Designed by Charles and Ray Eames
Eames Walnut Stools
Ray and Charles Eames designed the Eames Walnut Stools to function as stools or side tables—whatever the need requires. Crafted from solid turned walnut, these sculptural accent pieces feature concave tops and bottoms with a choice of three distinctively shaped center sections.
In September 1958, the United States Information Agency appointed George Nelson as chief designer of “The American National Exhibition,” which was set to open in Moscow the following summer. Nelson brought in Charles and Ray Eames in November of that year to help. The Eames Office conceived a multiscreen film called “Glimpses of the U.S.A.” Because of the tight deadline, the film needed to rely heavily on stock footage. Charles asked Henry Luce, chair of Time-Life, for access to the media company’s vast archives. Luce agreed, on condition that Charles and Ray might one day return the favor.

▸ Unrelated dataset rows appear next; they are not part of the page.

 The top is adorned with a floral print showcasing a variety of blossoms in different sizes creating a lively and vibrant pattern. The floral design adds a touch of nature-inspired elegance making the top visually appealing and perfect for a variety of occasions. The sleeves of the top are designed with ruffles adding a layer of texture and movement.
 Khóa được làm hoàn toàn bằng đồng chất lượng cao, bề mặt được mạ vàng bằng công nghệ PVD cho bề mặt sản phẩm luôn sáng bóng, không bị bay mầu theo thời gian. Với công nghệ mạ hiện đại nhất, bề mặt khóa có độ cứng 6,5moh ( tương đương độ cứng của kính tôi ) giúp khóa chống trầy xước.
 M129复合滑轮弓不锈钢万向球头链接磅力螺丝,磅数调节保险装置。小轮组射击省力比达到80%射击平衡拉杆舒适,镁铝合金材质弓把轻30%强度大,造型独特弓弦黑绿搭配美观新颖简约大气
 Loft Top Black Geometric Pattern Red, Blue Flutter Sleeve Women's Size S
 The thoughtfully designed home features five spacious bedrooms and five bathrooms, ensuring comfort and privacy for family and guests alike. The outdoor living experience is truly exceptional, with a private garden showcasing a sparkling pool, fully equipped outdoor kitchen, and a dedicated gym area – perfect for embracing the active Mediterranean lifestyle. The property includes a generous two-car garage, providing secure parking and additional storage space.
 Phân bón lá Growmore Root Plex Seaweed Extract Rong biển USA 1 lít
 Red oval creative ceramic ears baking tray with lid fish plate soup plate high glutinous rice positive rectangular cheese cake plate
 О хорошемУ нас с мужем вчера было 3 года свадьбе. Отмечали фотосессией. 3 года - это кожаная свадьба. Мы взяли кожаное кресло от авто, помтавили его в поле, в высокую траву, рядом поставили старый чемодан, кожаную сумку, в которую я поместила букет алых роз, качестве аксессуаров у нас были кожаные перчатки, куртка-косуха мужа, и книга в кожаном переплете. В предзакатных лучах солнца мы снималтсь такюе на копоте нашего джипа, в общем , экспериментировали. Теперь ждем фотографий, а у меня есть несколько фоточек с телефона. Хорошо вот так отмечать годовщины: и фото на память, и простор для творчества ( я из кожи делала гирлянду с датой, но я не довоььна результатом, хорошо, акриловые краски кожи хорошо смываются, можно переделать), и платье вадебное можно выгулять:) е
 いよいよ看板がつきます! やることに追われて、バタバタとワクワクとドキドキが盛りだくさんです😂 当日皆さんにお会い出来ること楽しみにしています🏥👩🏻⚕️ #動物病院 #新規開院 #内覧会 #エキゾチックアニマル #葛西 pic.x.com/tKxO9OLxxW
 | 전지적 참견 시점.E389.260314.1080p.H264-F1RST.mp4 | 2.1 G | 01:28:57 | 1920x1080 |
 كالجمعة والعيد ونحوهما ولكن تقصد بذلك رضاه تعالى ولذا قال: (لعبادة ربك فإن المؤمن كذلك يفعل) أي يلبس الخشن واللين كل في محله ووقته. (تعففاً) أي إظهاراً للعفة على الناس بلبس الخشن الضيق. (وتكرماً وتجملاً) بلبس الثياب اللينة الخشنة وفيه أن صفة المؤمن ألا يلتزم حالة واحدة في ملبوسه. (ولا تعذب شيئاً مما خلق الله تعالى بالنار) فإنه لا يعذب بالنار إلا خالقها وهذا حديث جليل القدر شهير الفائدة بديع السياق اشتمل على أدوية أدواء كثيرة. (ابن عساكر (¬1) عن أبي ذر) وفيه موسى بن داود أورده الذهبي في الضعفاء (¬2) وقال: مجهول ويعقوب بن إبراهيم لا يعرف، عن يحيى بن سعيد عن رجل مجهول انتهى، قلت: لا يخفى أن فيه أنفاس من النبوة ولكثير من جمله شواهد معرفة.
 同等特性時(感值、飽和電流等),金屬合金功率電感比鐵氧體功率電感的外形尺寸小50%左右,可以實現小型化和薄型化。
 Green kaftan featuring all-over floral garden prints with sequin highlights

A year later, Luce commissioned the Eames Office to design three lobbies for the newly constructed Time-Life Building at Rockefeller Center: the main reception lobby on the 27th floor, and two smaller lobbies on the 28th and 29th floors. Every element of the floor-to-ceiling designs was produced by Herman Miller. Two of the project’s famous elements—a padded leather swivel chair and a series of small, solid wood stools—went into production as the Eames Executive Chair (aka the Time-Life Chair) and Eames Walnut Stools.